Check for VXLAN tunnel creation
--{ [FACTORY] + candidate shared default }--[ ]--
# show network-instance default tunnel-table all
-----------------------------------------------------------------------------------------------------
Show report for network instance "default" tunnel table
------------------------------------------------------------------------------------------------------
+-------------+-----------+-------+-------+--------+------------+---------+--------------------------+
| IPv4 Prefix | Owner | Type | Index | Metric | Preference |Fib-prog | Last Update |
+=============+===========+=======+=======+========+============+=========+==========================+
| 2.2.2.2/32 | vxlan_mgr | vxlan | 7 | 0 | 0 | Y | 2021-04-13T10:43:09.483Z |
| 4.4.4.4/32 | vxlan_mgr | vxlan | 6 | 0 | 0 | Y | 2021-04-13T10:43:09.144Z |
+-------------+-----------+-------+-------+--------+------------+---------+--------------------------+
------------------------------------------------------------------------------------------------------
2 VXLAN tunnels, 2 active, 0 inactive
-----------------------------------------------------------------------------------------------------
-----------------------------------------------------------------------------------------------------
Show report for network instance "default" tunnel table
-----------------------------------------------------------------------------------------------------
-----------------------------------------------------------------------------------------------------
--{ [FACTORY] + candidate shared default }--[ ]--
Checking for remote VTEPS and associated destinations
The following commands show the remote VTEPs and the associated destinations. A destination is the combination of the VTEP and VNI that is created when the EVPN routes are received and the VXLAN tunnel is created. IP destinations are created from RT5s.

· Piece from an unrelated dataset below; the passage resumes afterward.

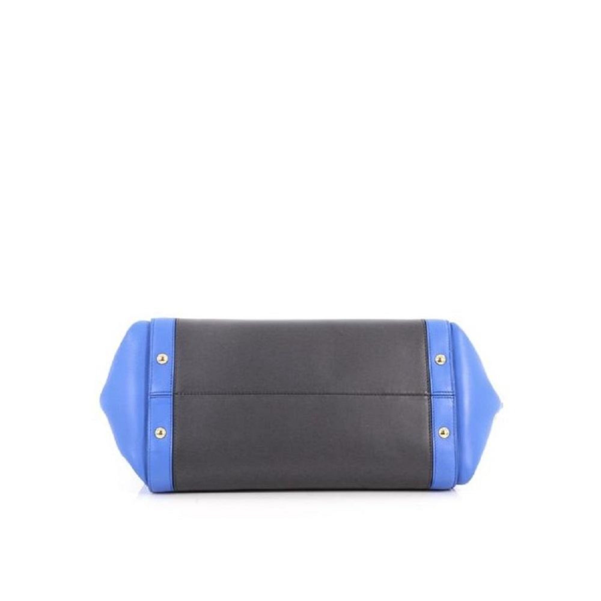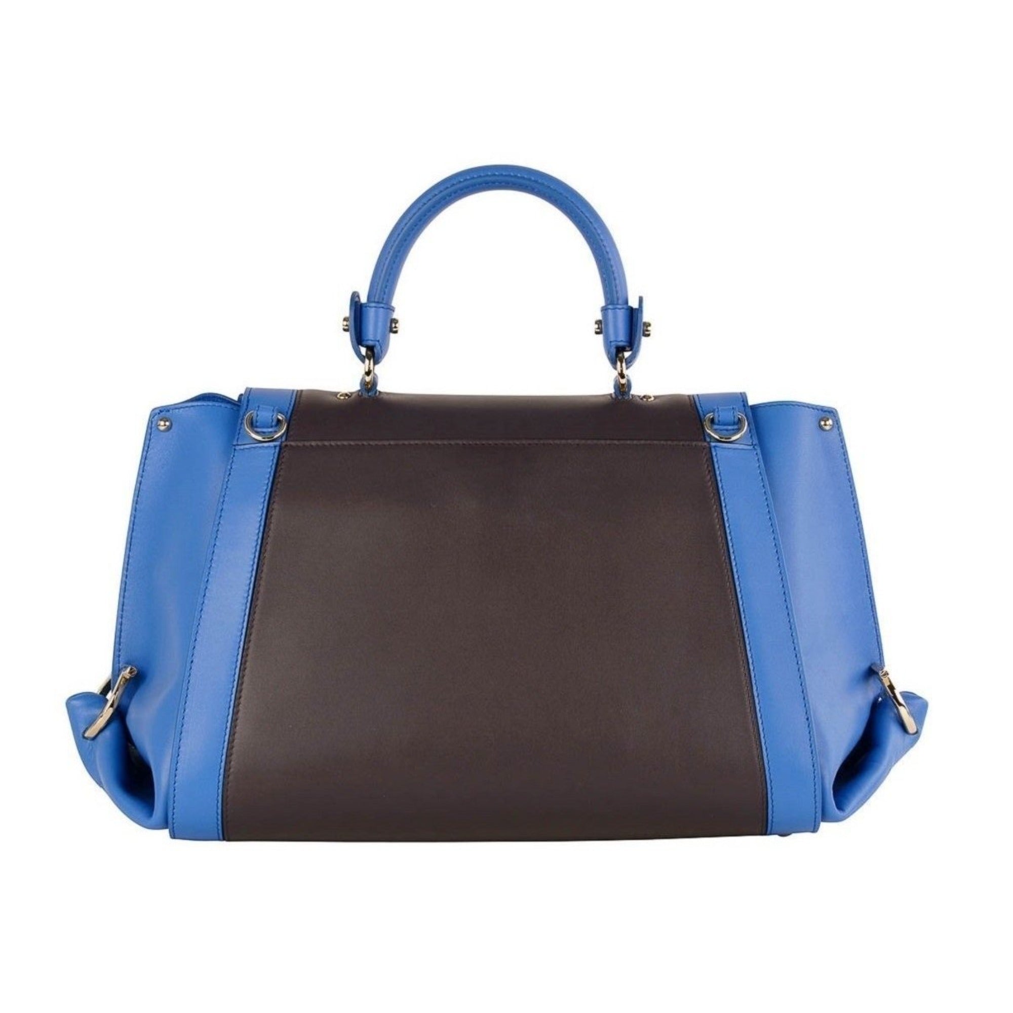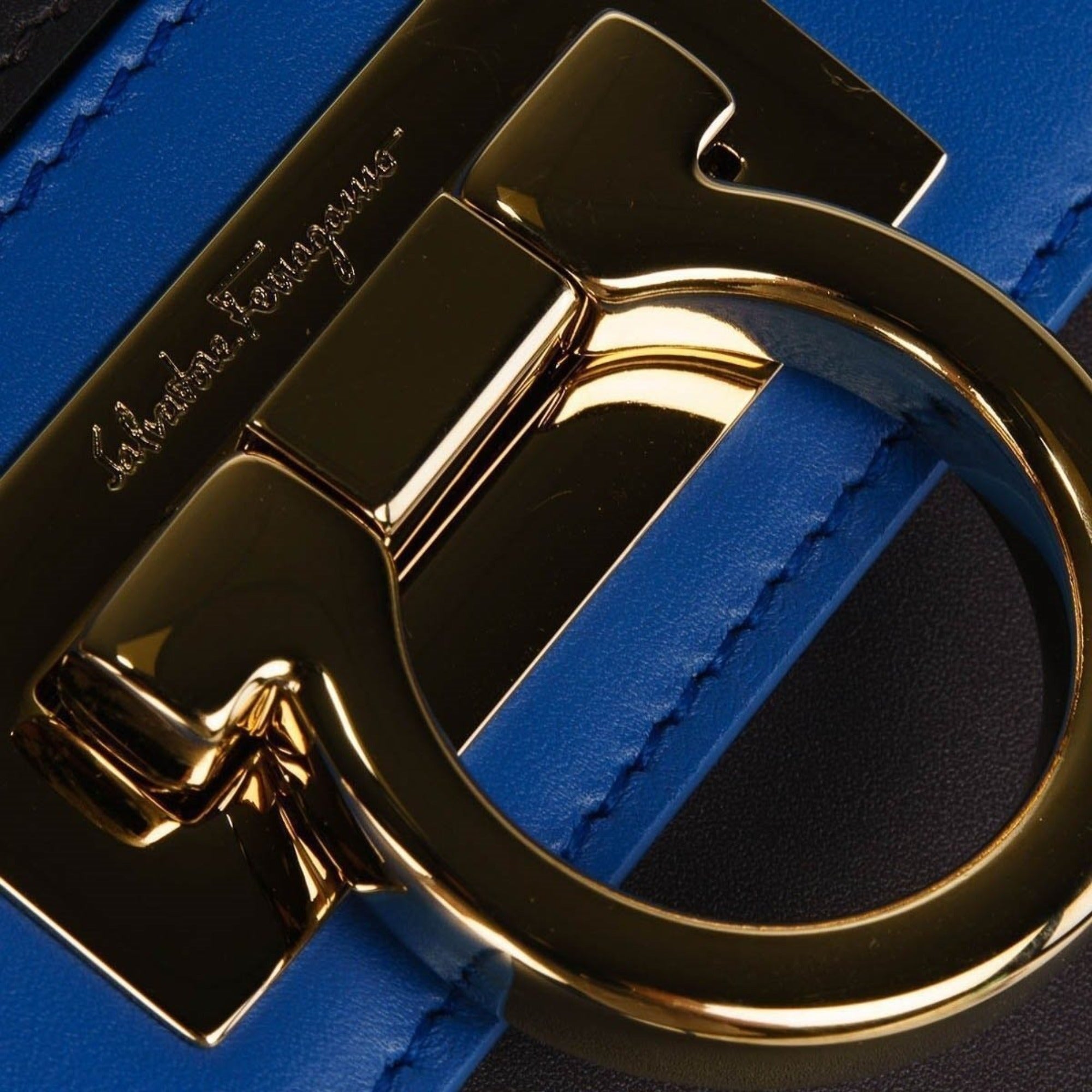 This Salvatore Ferragamo bag is classically chic in the purest form. It will add a pop of color and spunk to your outfit, perfect for day or night. Smooth calfskin leather with silver hardware. Beautiful blue paired with deep gray colored leather.

Check for remote VTEPs and associated destinations
# show tunnel vxlan-tunnel vtep 2.2.2.2
----------------------------------------------------------------------------
Show report for vxlan-tunnels vtep
---------------------------------------------------------------------------
VTEP Address: 2.2.2.2
Index : 202418627561
Last Change : 2021-04-13T11:47:09.000Z
---------------------------------------------------------------------------
Destinations
---------------------------------------------------------------------------
+------------------+-----------------+------------+-----------------------+
| Tunnel Interface | VXLAN Interface | Egress VNI | Type |
+==================+=================+============+=======================+
| vxlan1 | 1 | 1 | multicast-destination |
| vxlan2 | 10 | 10 | ip-destination |
+------------------+-----------------+------------+-----------------------+
---------------------------------------------------------------------------
1 bridged destinations, 1 multicast, 0 unicast, 0 es
1 routed destinations
--------------------------------------------------------------------------
--{ [FACTORY] + candidate shared default }--[ ]--
# show tunnel vxlan-tunnel vtep 4.4.4.4
---------------------------------------------------------------------------
Show report for vxlan-tunnels vtep
---------------------------------------------------------------------------
VTEP Address: 4.4.4.4
Index : 202418627553
Last Change : 2021-04-14T15:40:23.000Z
--------------------------------------------------------------------------
Destinations
---------------------------------------------------------------------------
+------------------+-----------------+------------+-----------------------+
| Tunnel Interface | VXLAN Interface | Egress VNI | Type |
+==================+=================+============+=======================+
| vxlan1 | 1 | 1 | multicast-destination |
| vxlan1 | 1 | 1 | unicast-destination |
| vxlan2 | 10 | 10 | ip-destination |
+------------------+-----------------+------------+-----------------------+
---------------------------------------------------------------------------
2 bridged destinations, 1 multicast, 1 unicast, 0 es
1 routed destinations
--------------------------------------------------------------------------
--{ [FACTORY] + candidate shared default }--[ ]--
Checking IP-VRF-10 route table
The following command checks the IP-VRF-10 route table to ensure all the remote subnets and hosts are received and installed. All interface and local routes are automatically advertised in RT5s. Because ECMP=2 is configured in the IP-VRF-10, there are two ECMP paths for the 101.1.1.0/24 subnet, which is attached to both LEAF-2 and LEAF-4.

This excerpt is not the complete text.